21

As far as I understood, the AVG() function ignores NULL Values.

So AVG(4,4,4,4,4,NULL) --> 4

In my case I don't want this to happen.

I need a solution like that: AVG(4,4,4,4,4,NULL) --> 3,33

without replacing the NULL values directly in the table itself.

Is there any way to do this?

peterh
  • 11,875
  • 18
  • 85
  • 108
user3364656
  • 279
  • 2
  • 4
  • 9

5 Answers5

28

Use coalesce() to return the real value of zero for null columns:

select avg(coalesce(some_column, 0))
from ...
Bohemian
  • 412,405
  • 93
  • 575
  • 722
  • 1
    Lots of variants to this COALESCE syntax. I like ISNULL() functions best (makes more sense linguistically). More info: https://www.w3schools.com/sql/sql_isnull.asp – Dave Skender Dec 03 '19 at 18:23
4

You are correct about the behavior of AVG - use COALESCE to convert the NULLs to 0 in the aggregate.

See this answer in "Why SUM(null) is not 0 in Oracle?"

If you are looking for a rationale for this behaviour, then it is to be found in the ANSI SQL standards which dictate that aggregate operators ignore NULL values.

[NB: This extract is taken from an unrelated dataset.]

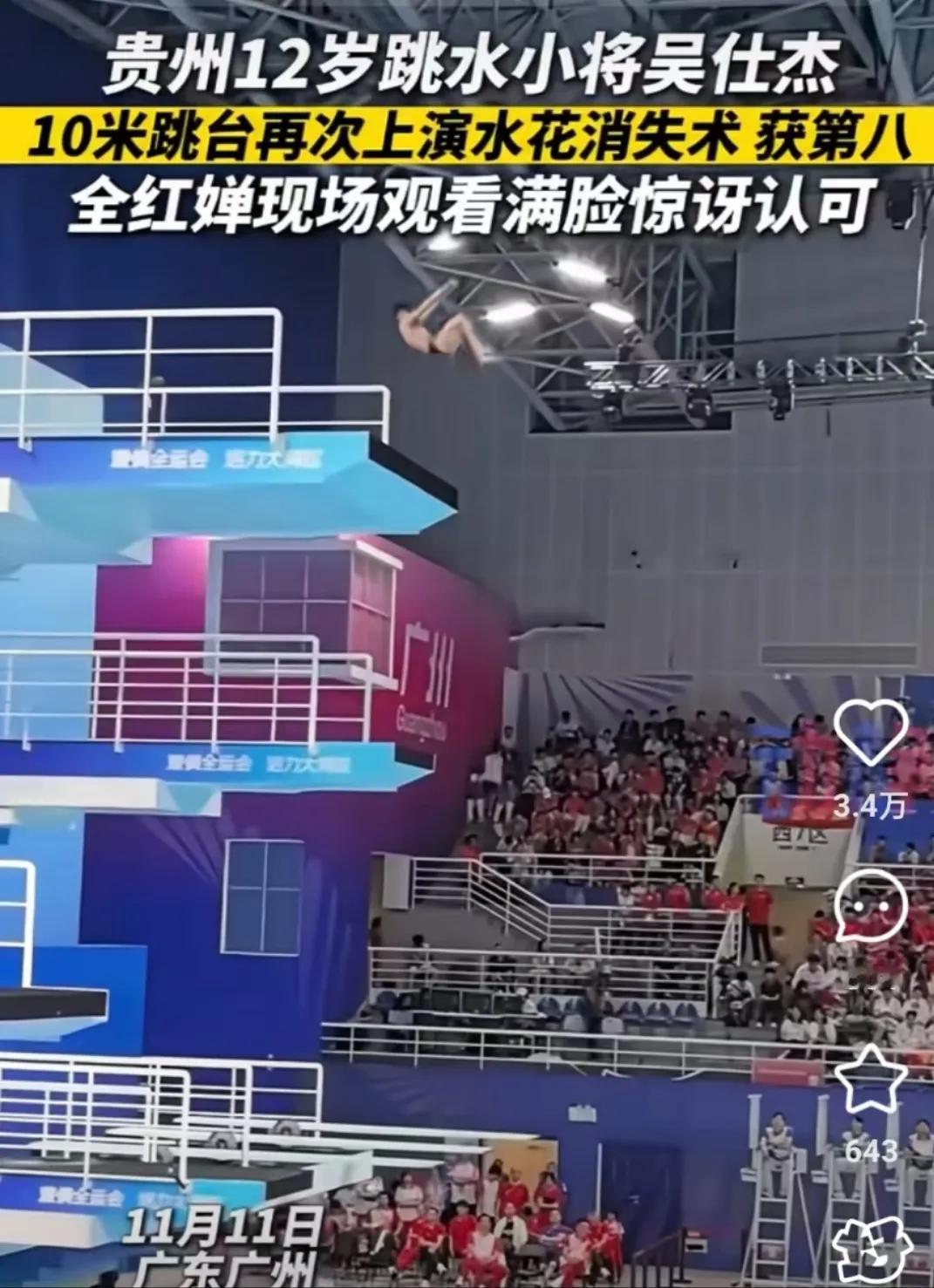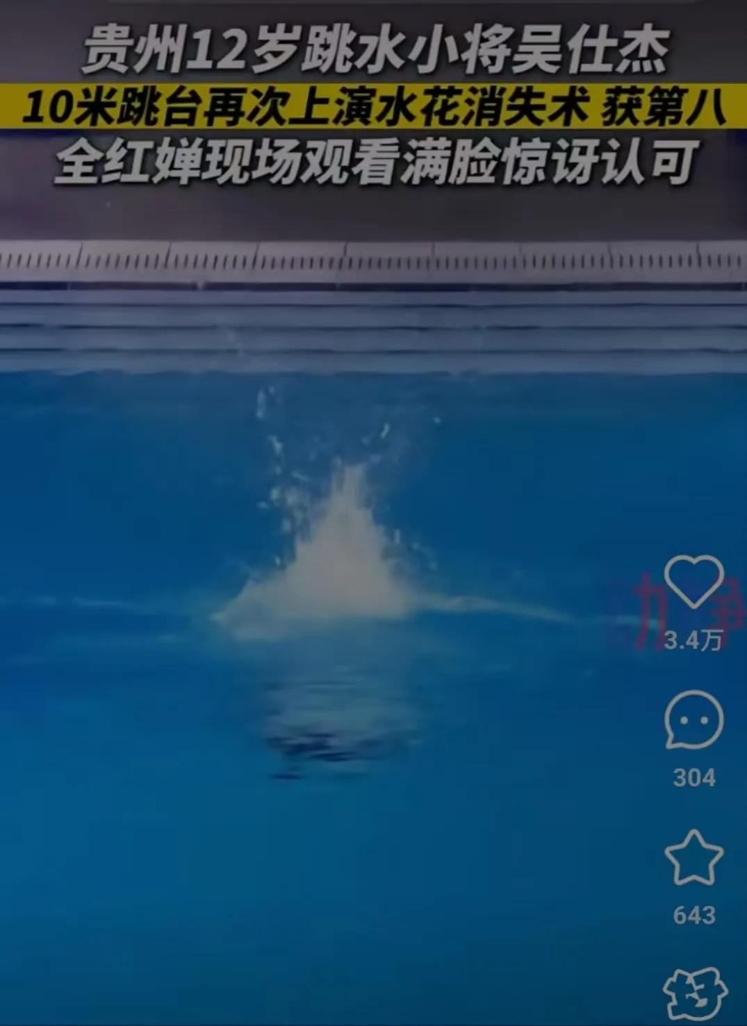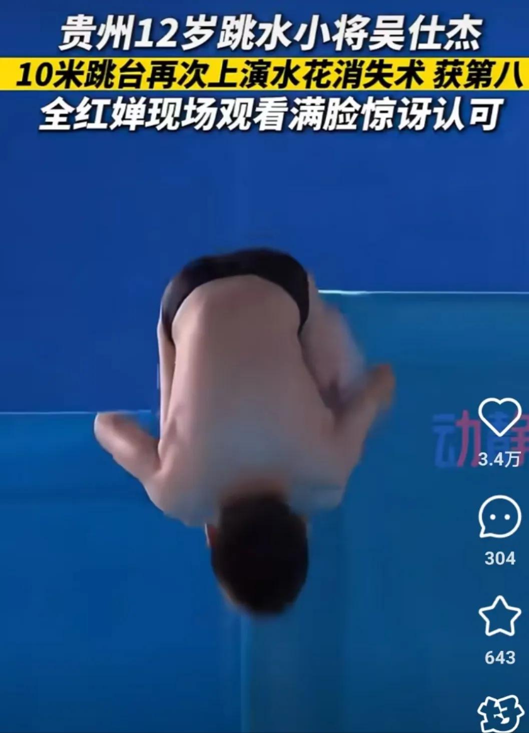 12岁小孩哥全运会上演水花消失术,下一个男版全红蝉 不得不说,12岁小孩哥的全运水花,真不是一句天赋好能说清的。 全运会首秀他站在高手堆里不慌不忙,第四轮一跳水花几乎没溅起来,动作流畅得像刻在水里的,现场记者都喊他是宝藏运动员。 9岁就拿全国跳水金牌,之后年年夺冠,今年资格赛还拿了银牌,哪块奖牌不是泡在池子里练出来的,哪次进步不是压着动作抠出来的。 都说全红婵是天才,可这小孩哥一步步从省队到全运,哪一步不是拼出来的?全运会跳水新星 小孩哥超神瞬间 水花消失之术
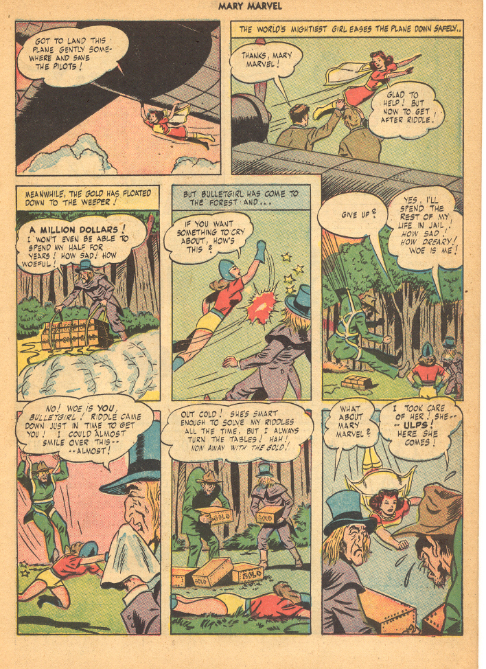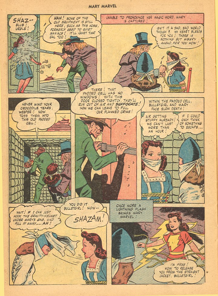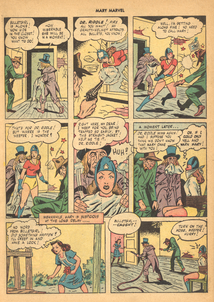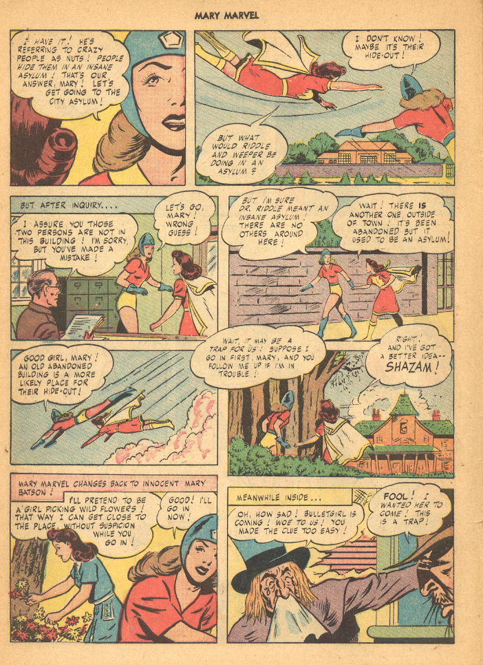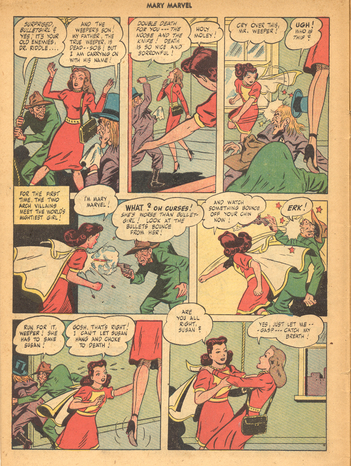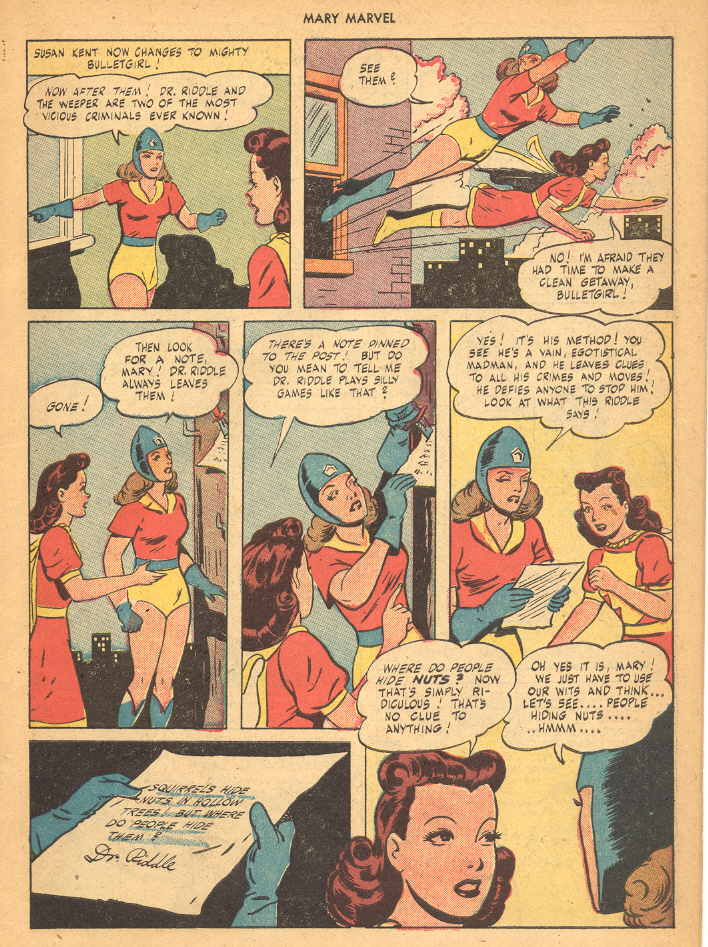 The story was written by Otto Binder, who wound up writing greater than 50% of the Marvel Family’s solo and united adventures over the course of the Golden Age. It was illustrated by his brother Jack Binder, who had operated an art shop that provided material to Fawcett and other publishers. He’s given a small byline at the bottom of the first page. The story pits the team of Mary and Bulletgirl against two of Buleltman’s recurring enemies: The Weeper (a sort of reverse Joker) and Doctor Riddle (who was the Riddler before the Riddler.)

The relevant code is then, simply:

Avg(Coalesce(col,0))
Community
  • 1
  • 1
user2864740
  • 60,010
  • 15
  • 145
  • 220
0

You can use coalesce or nvl also. Since coalesce examples are already given above, here is an example of nvl

Avg(Nvl(Column_Name),0)

Coalesce, Nvl, Nvl2 functions are handy in such cases of handling null values. You should look up some examples and documentation on these.

0

NVL, NVL2, or COALESCE could be used to solve this issue.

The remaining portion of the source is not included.